The fabrication of low profile “active” intravascular devices using conventional techniques is not feasible and repeatable for clinical interventional MRI procedures [1,2]. We aimed to introduce a reliable method to fabricate micro inductively coupled RF resonators that maximize the coupled signal strength for intravascular device visualization under MRI. First, we performed Finite Element Method (FEM) simulations of both helical and tilted solenoid designs to perform the computational analysis of their electrical and magnetic characteristics Then, we designed a unique CNC based electro-mechanic system (figure 1) for this fabrication process. Based on FEM simulation results, we fabricated optimized complex resonator geometry on non-planar catheter surfaces using CNC based custom made thin film coating system via conductive ink (Conductive Compounds, NH, USA) to eliminate the need for using rigid analog circuit components such as insulated solenoid wire and capacitor and also lower the overall catheter profile.The received signal signature of both straight and tilted helical coil geometries were studied in details in order to bring out visibility performance of different resonator designs for interventional MRI applications. The mathematical expressions of these helixes were pointed out and their magnetic flux densities were stated via dipole design methodology. The prototypes of both straight and tilted helix coils were fabricated via conductive ink using exact dimensions used in FEM simulations on the catheter shaft surface with ±1 µm tolerance (Figure 2). Inductance values and coil characteristics of fabricated coils were compared with simulation results using Network Analyzer (4395A Network Analyzer, Agilent Technologies, CA). Fabricated coils were tested as matched with convenient capacitors under 1.5 T MR system (Siemens, Erlangen, Germany) in ASTM 2182 gel phantom using GRE sequence (TE/TR =1.8/8.2 ms, flip = 5°, FOV = 300 mm, matrix = 192 x 192, slice thickness = 5 mm) to observe their coupled signal strengths. Additionally simulations of 1.5 Tesla MRI catheter device with double helical coils were performed using the same methodology via HFSS program, and the resonance frequency is found approximately as 63 MHz.

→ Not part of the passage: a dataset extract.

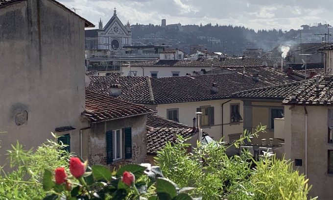 From the balcony the view wanders towards so much greenery beyond the rooftops that someone might imagine being in the countryside instead of in the heart of central Florence: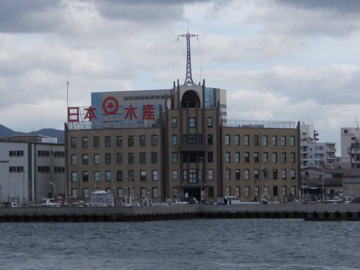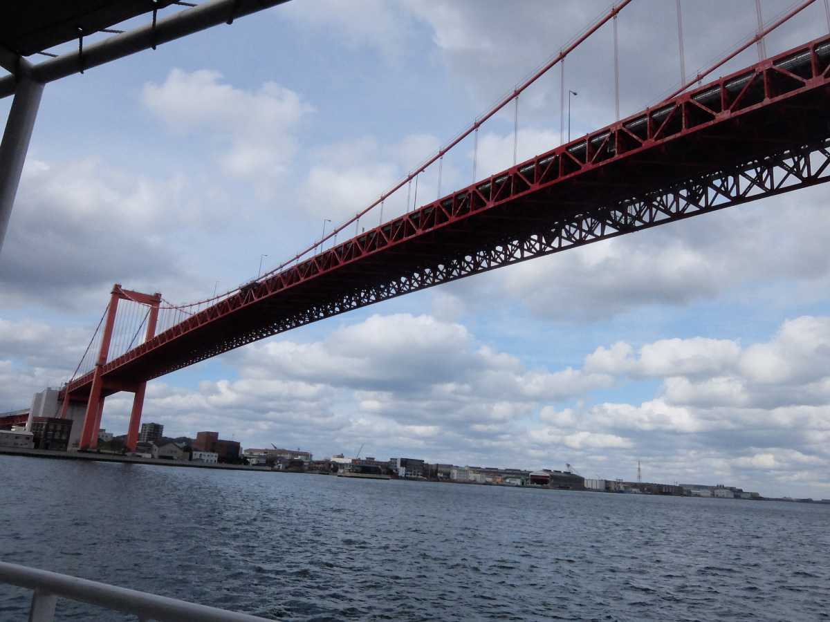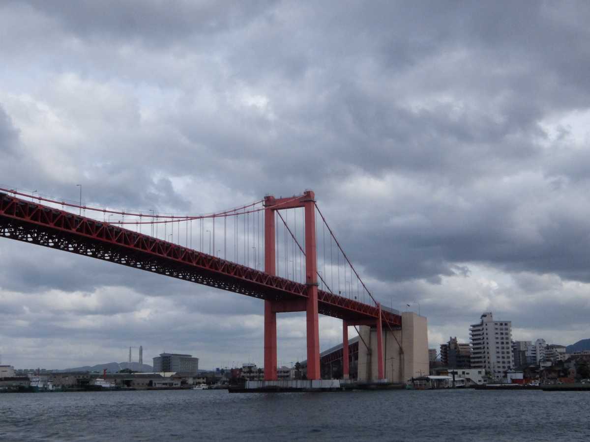 若戸渡船より洞海湾(若戸大橋、ニッスイ戸畑ビル)

Figure 2 shows fabricated straight and tilted helix coils adhering to simulated dimension. After fabrication, error margin of custom made thin film coating system was measured as ±1 µm.

As it is indicated in Figure 3, the results of simulations of both straight and tilted helical coils are consistent with laboratory measurements. Using the same dimensions and structures both in simulations and fabrications has provided congruent data. For 13 turns tilted helix coil design while simulation result is 914 nH, measured inductance value is 859 nH and for 13 turns straight helix coil design while the simulation result is 583 nH, measured inductance value is 539 nH.

Figure 4 shows the simulation results for magnetic field of straight and helical coils presented. Parallel to directionality measurements, straight helical coils has strong magnetic fields through the normal vector of their curvature, however the reduction of magnetic field due to change of direction is less severe in tilted helical coils than straight helical coils. It is clear that the FEM simulations are reliable for coil simulations in order to express their magnetic and electrical properties.

Additionally simulations of tilted double helix resonator via HFSS program were performed. The resonance frequency was observed around 62.74 MHz, which was 1.06 MHz away from the design frequency that was 63.8 MHz. The imperfect conductive coating thickness may cause such a small variation.

Finally, as can be seen in figure 5, under MRI, coupled signal strength of tilted helix coil is seen brighter than straight helix coil.

We fabricated micro RF resonators successfully over 6 Fr catheter surface using custom made CNC thin film coating system. The proposed solenoid geometries were determined through FEM simulations. The bench top measurements over the resonator prototypes through network analyzer were consistent with FEM simulation results. Also it was shown that the visibility of tilted resonator has less orientation dependency relative to main magmetic field direction compare to straight helix coils under MRI.